**Task goal:** For this exercise, write out only the lines of the entries below from the one with "34歲譚松韻「好紅」!穿法式茶歇紅印花裙好元氣,,圓臉果然顯年輕" up to and including the one with "Mukbang mie samyang, ayam", exactly as they are. Pictures stay out.

**Extracted information:**
★ ★ ★

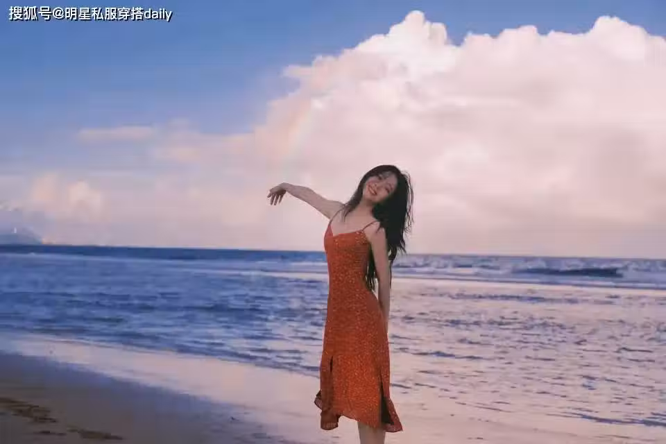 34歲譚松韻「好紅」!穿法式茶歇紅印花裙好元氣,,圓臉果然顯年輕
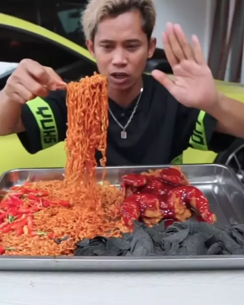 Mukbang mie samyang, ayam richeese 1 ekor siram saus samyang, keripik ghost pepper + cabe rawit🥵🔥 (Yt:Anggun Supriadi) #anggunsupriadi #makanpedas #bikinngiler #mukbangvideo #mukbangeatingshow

★ ★ ★

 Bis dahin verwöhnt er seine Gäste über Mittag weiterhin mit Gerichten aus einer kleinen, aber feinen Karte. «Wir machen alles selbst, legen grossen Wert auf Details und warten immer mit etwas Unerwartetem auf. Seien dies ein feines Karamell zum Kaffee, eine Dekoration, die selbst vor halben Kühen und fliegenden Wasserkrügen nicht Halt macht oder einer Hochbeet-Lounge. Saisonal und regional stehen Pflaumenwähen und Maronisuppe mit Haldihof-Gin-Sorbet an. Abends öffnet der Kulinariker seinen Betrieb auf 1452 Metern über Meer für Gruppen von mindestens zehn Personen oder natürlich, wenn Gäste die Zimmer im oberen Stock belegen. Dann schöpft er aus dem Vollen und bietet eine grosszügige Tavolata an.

★ ★ ★

**Your solution:**
 34歲譚松韻「好紅」!穿法式茶歇紅印花裙好元氣,,圓臉果然顯年輕
 Mukbang mie samyang, ayam richeese 1 ekor siram saus samyang, keripik ghost pepper + cabe rawit🥵🔥 (Yt:Anggun Supriadi) #anggunsupriadi #makanpedas #bikinngiler #mukbangvideo #mukbangeatingshow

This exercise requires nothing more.